Vejo pouca televisão, mas a internet faz o favor de me chamar a atenção para aquilo que realmente interessa – e que, na verdade, não interessa nada – como, por exemplo, os momentos mais vergonhosos da CMTV. O canal, tal como o jornal que está na sua origem, traz à tona o pior do seu público: a cusquice, a curiosidade mórbida e uma série de desculpas esfarrapadas para se julgar os outros e justificar preconceitos injustificáveis.
É um canal muito coerente e espertalhão na sua estratégia porque, tal como um circo romano ou uma feira de aberrações, dá aos seus espectadores exactamente aquilo que eles querem. Mais que isso até, porque eles não têm querer: limitam-se a depositar o seu olhar bovino no ecrã e a enfardar bizarrias disfarçadas de informação que os autorizam a formular juízos reveladores (e orgulhosos) da sua ignorância. Se um canal assim é preciso? Não. Se resulta? Pois claro que sim, olhem para esta grande snobe a falar dele.
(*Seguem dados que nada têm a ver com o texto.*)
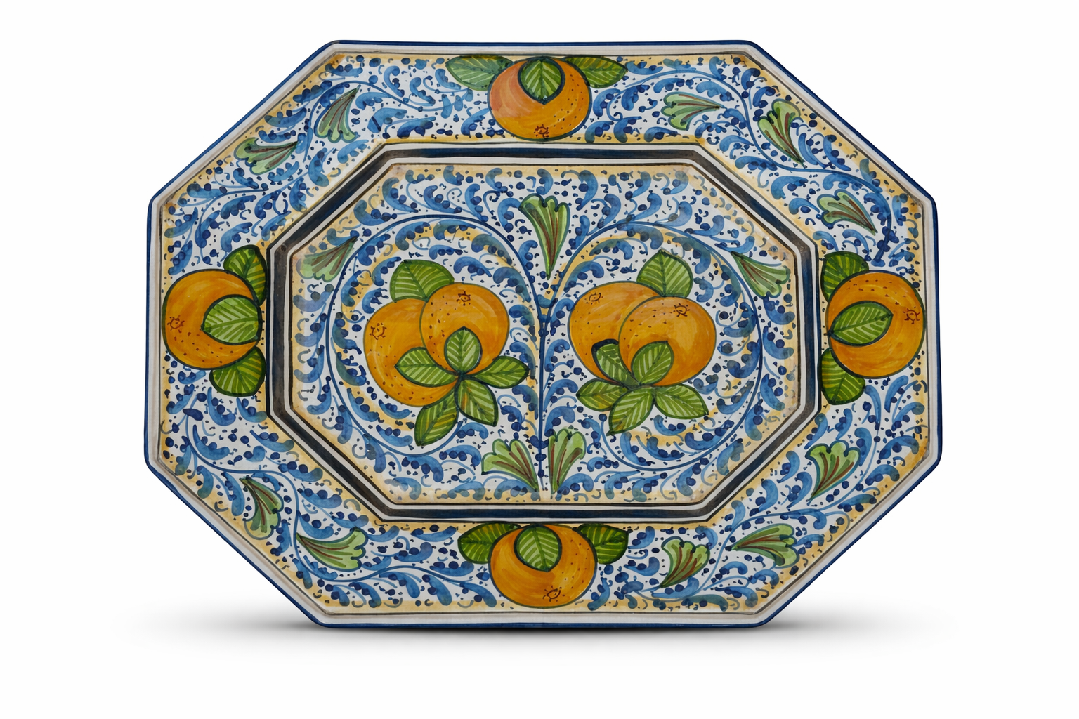 Questo vassoio ottagonale, realizzato e decorato interamente a mano in ceramica di Caltagirone, celebra l’iconografia più autentica dell’isola: gli agrumi dorati incorniciati da eleganti volute blu in stile barocco mediterraneo.
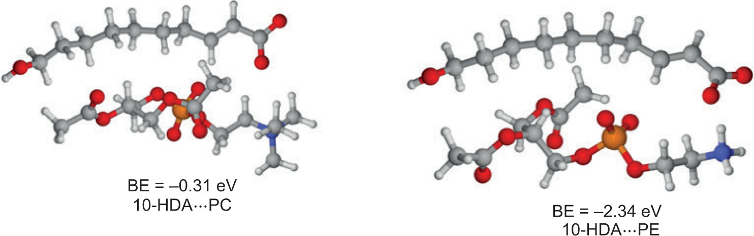 As is a molecule carrying -C=C- and -OH; 10-HDA is able to increase the membrane fluidity, and to boost the release of O2 from erythrocytes, which will be useful for improving the membrane fluidity–related diseases, as well as the hypoxia. Such bio-activity of 10-HDA may be profited from its interaction with PC and PE of the membrane. Therefore, our current work would be contributive to the utilization of 10-HDA in nutritional and pharmacological fields. Next, we will seek more evidences about the interaction between 10-HDA and PC/PE in the molecular level, and such effect in vivo.

Do que eu mais gosto na CMTV é dos momentos em que a verdade supera a mensagem tal como a pretendem fazer passar. Há dias, no programa da manhã apresentado por Maya (a mulher que acredita nos astros) e Nuno Graciano (o homem que acredita em sushi), foi entrevistada Tucha Portugal – além de travesti de profissão, uma mulher de 60 anos num corpo em que nunca se reviu.
Tucha e o marido, Fernando, foram os primeiros a casar depois da legalização do casamento homossexual e foram à CMTV contar a sua história de amor. É uma história pouco convencional que começa numa casa de banho da Estação de Santa Apolónia com Fernando a baixar as calças. É, a certa altura, uma história preocupante por incluir um episódio de violência doméstica. É uma história cómica porque Tucha é uma mulher tipicamente portuguesa, que conta cada momento da sua vida com uma minúcia quase efabulada, tal o esforço para fazer passar a verdade (“era dia tal, à hora tal, íamos comer esparguete com hamburgas, nunca mai me esquece”). É uma história como outra qualquer num qualquer programa da manhã.
A realização deste momento televisivo foca as expressões escandalizadas da plateia, a condescendência de Maya e o incómodo de Nuno Graciano mas, apesar desse esforço, nada é suficientemente persuasivo para reduzir aqueles seres humanos a meras aberrações.
Tal como aconteceu, dias mais tarde, num noticiário do mesmo canal, quando a militante (por acaso) transgénero do Bloco de Esquerda Júlia Pereira se recusou a responder a certas perguntas quando percebeu que não fora convidada para falar de política, mas sim para o jornalista José Carlos Castro a “conhecer melhor”.